TASK BRIEF ::
An exact copy of every entry is required, without the pictures.

(Collection entries)
_____

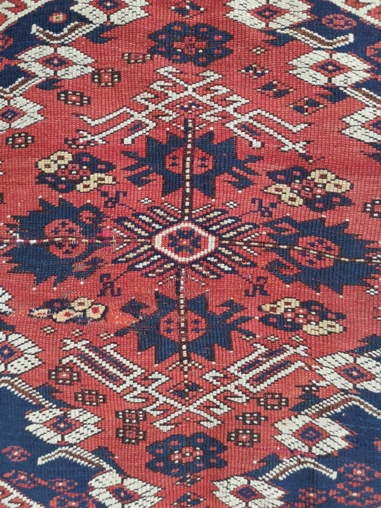 Condition: Fair condition with some wear, the main issue is a tension repair where a crease has been removed and the rug sewn back together.
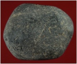 | Description / विवरण | Trench WC 3, Qdt 3, section 1-5, depth 130 cm It is a weight made of stone. Shape is uneven and surface is rough and greyish. |
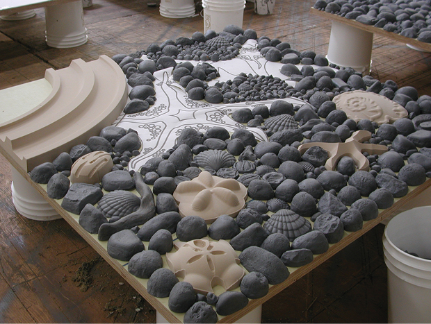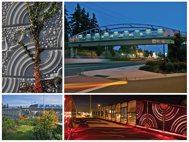 Hand placing stones and other ready-made elements with custom sculpted features allowed Vicki to push the patterning even further. The general movements of the pattern could be worked out and then the specific textures developed digitally. These first attempts at creating a carving to use in a surface relief digitally were experimental but ultimately successful and serve to inspire further exploration of the possibilities of digital modeling. La Cholla and Shoreline Interurban Trail Pedestrian Bridges, above and below, both show how hand placed elements can fit into digitally modeled and carved elements.
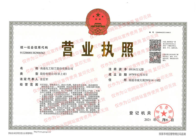 南通化工輕工股份有限公司成立于1963年7月1日, 1997年改制為股份有限公司,注冊資本10116萬元。公司自1963年成立以來,始終堅(jiān)持“誠信為本”的商信文化,向海內(nèi)外廣大供應(yīng)商按時足額履行付款、向廣大客戶按時按質(zhì)按量按價履行供貨、向金融機(jī)構(gòu)按時足額履行還款等,在商界享有很高聲譽(yù)。
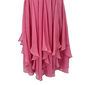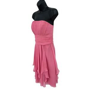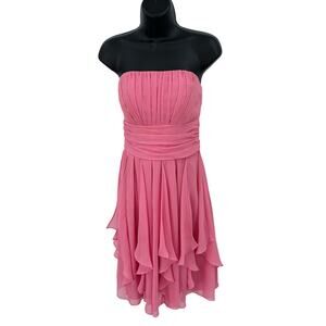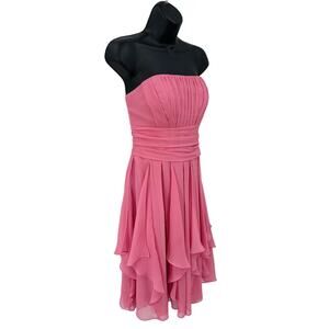 Women's Strapless Chiffon Midi Dress by David's Bridal, US Size 2, Pink in Color, Pleated bodice, Built-in Bra with back Hook closure, Fully Lined, Open Back with Zip Closure, Layered Skirt, Pullover style, Casual, Party, Club, Date Dress, Formal Function, Wedding Guest, Perfect for many occasions. Create a soft and romantic silhouette.
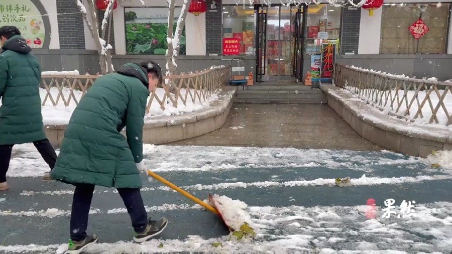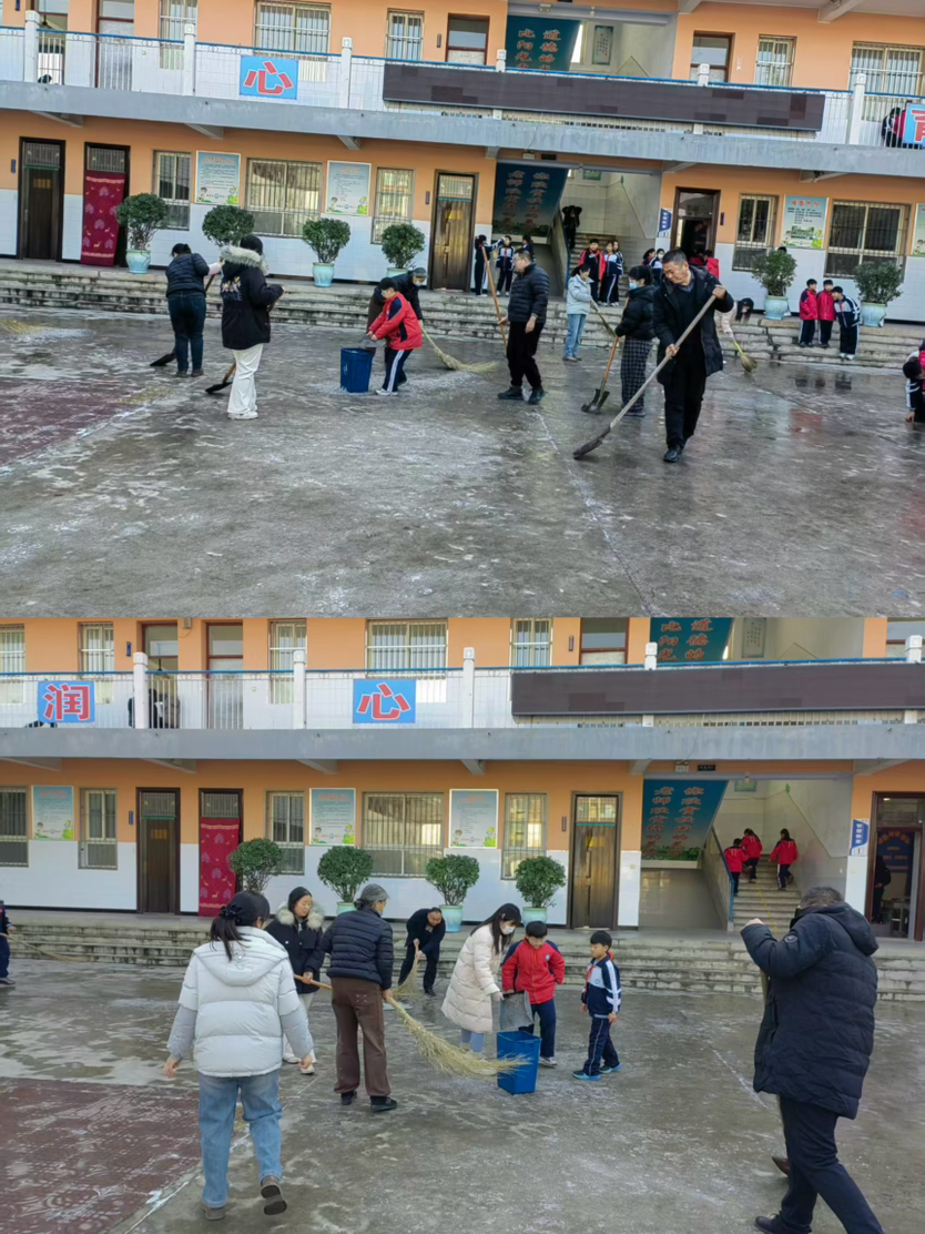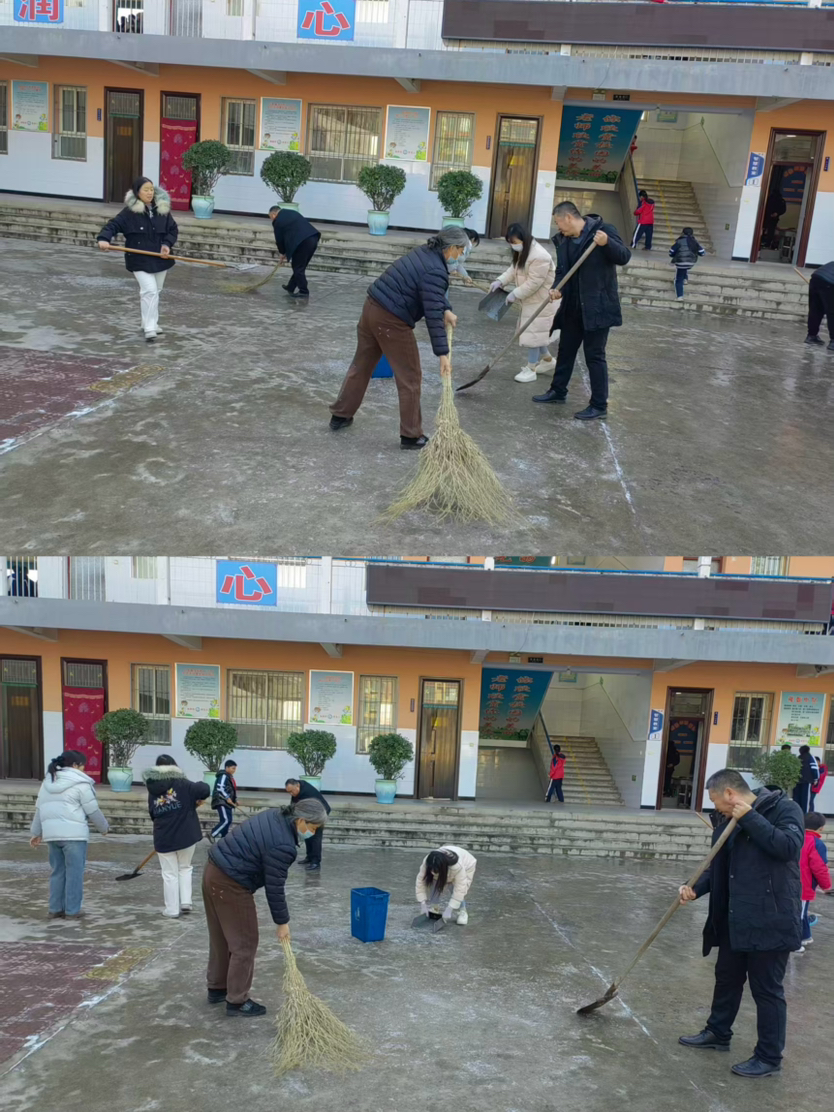 凜冽寒風中,老師們的臉頰被凍得通紅,雙手磨出了薄繭,鞋子早已被冰雪浸濕,但沒人停下腳步。有人摔倒了爬起來拍拍雪繼續干,有人累得氣喘吁吁仍笑著接力,領導與教師并肩作戰,不分你我,用熱情融化著冬日的嚴寒。經過數小時奮戰,校園內外的積雪冰層被徹底清理,一條條干凈通暢的"平安路""暖心路"蜿蜒在校園中,為孩子們的安全出行筑牢了防線。
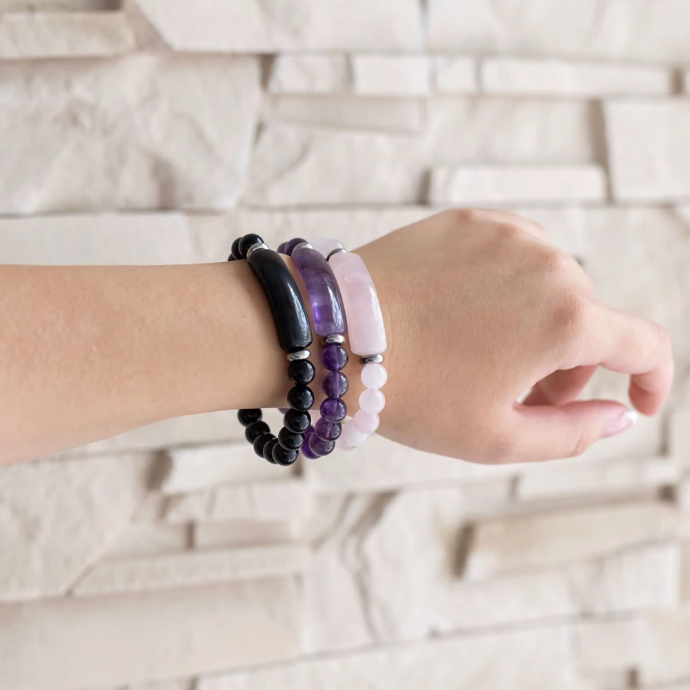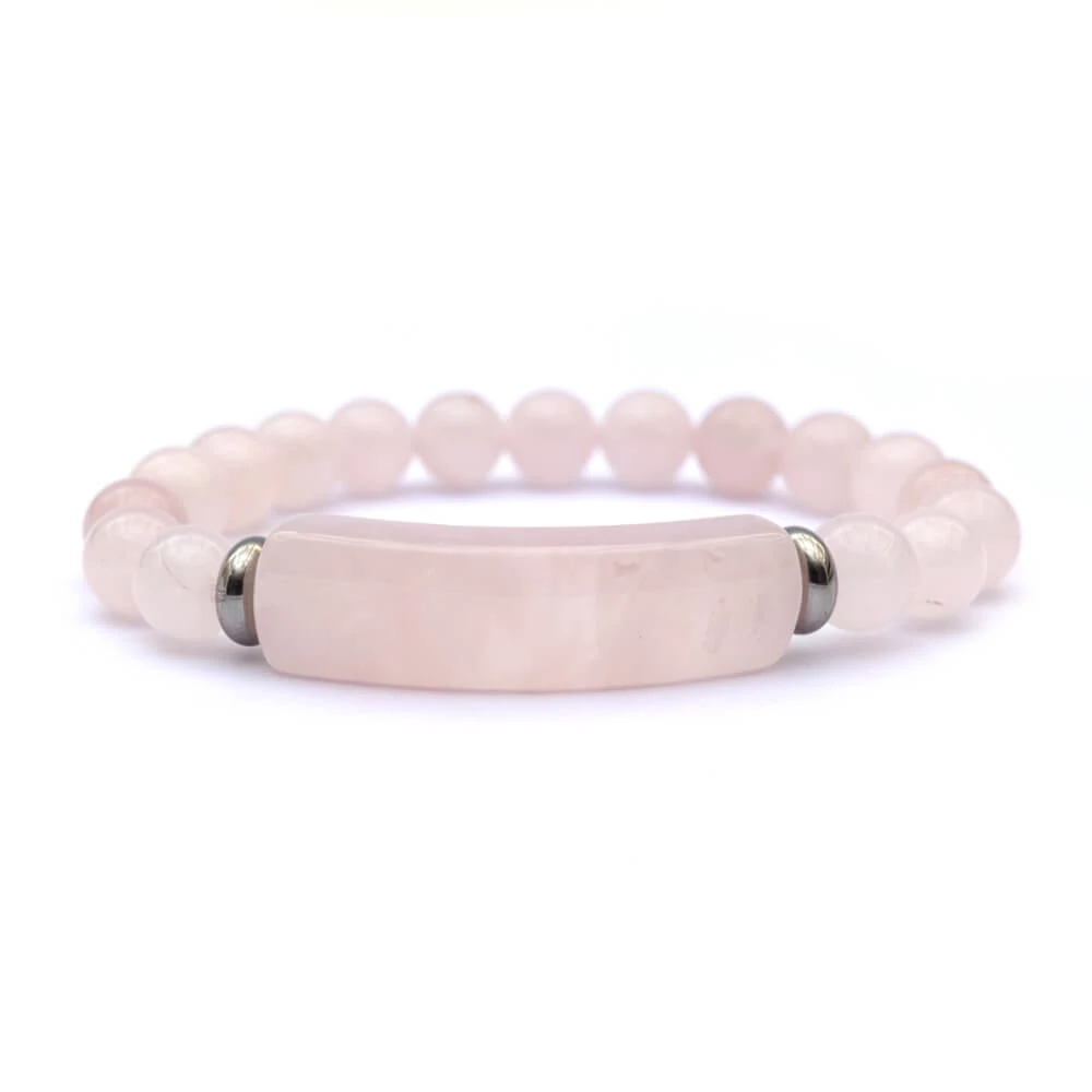 Rózsakvarc téglalap és 8 mm golyós, gumis karkötő, kb. 18-19 cm

_____

THE COMPLETED TASK ::
 Condition: Fair condition with some wear, the main issue is a tension repair where a crease has been removed and the rug sewn back together.
 | Description / विवरण | Trench WC 3, Qdt 3, section 1-5, depth 130 cm It is a weight made of stone. Shape is uneven and surface is rough and greyish. |
 Hand placing stones and other ready-made elements with custom sculpted features allowed Vicki to push the patterning even further. The general movements of the pattern could be worked out and then the specific textures developed digitally. These first attempts at creating a carving to use in a surface relief digitally were experimental but ultimately successful and serve to inspire further exploration of the possibilities of digital modeling. La Cholla and Shoreline Interurban Trail Pedestrian Bridges, above and below, both show how hand placed elements can fit into digitally modeled and carved elements.
 南通化工輕工股份有限公司成立于1963年7月1日, 1997年改制為股份有限公司,注冊資本10116萬元。公司自1963年成立以來,始終堅(jiān)持“誠信為本”的商信文化,向海內(nèi)外廣大供應(yīng)商按時足額履行付款、向廣大客戶按時按質(zhì)按量按價履行供貨、向金融機(jī)構(gòu)按時足額履行還款等,在商界享有很高聲譽(yù)。
 Women's Strapless Chiffon Midi Dress by David's Bridal, US Size 2, Pink in Color, Pleated bodice, Built-in Bra with back Hook closure, Fully Lined, Open Back with Zip Closure, Layered Skirt, Pullover style, Casual, Party, Club, Date Dress, Formal Function, Wedding Guest, Perfect for many occasions. Create a soft and romantic silhouette.
 凜冽寒風中,老師們的臉頰被凍得通紅,雙手磨出了薄繭,鞋子早已被冰雪浸濕,但沒人停下腳步。有人摔倒了爬起來拍拍雪繼續干,有人累得氣喘吁吁仍笑著接力,領導與教師并肩作戰,不分你我,用熱情融化著冬日的嚴寒。經過數小時奮戰,校園內外的積雪冰層被徹底清理,一條條干凈通暢的"平安路""暖心路"蜿蜒在校園中,為孩子們的安全出行筑牢了防線。
 Rózsakvarc téglalap és 8 mm golyós, gumis karkötő, kb. 18-19 cm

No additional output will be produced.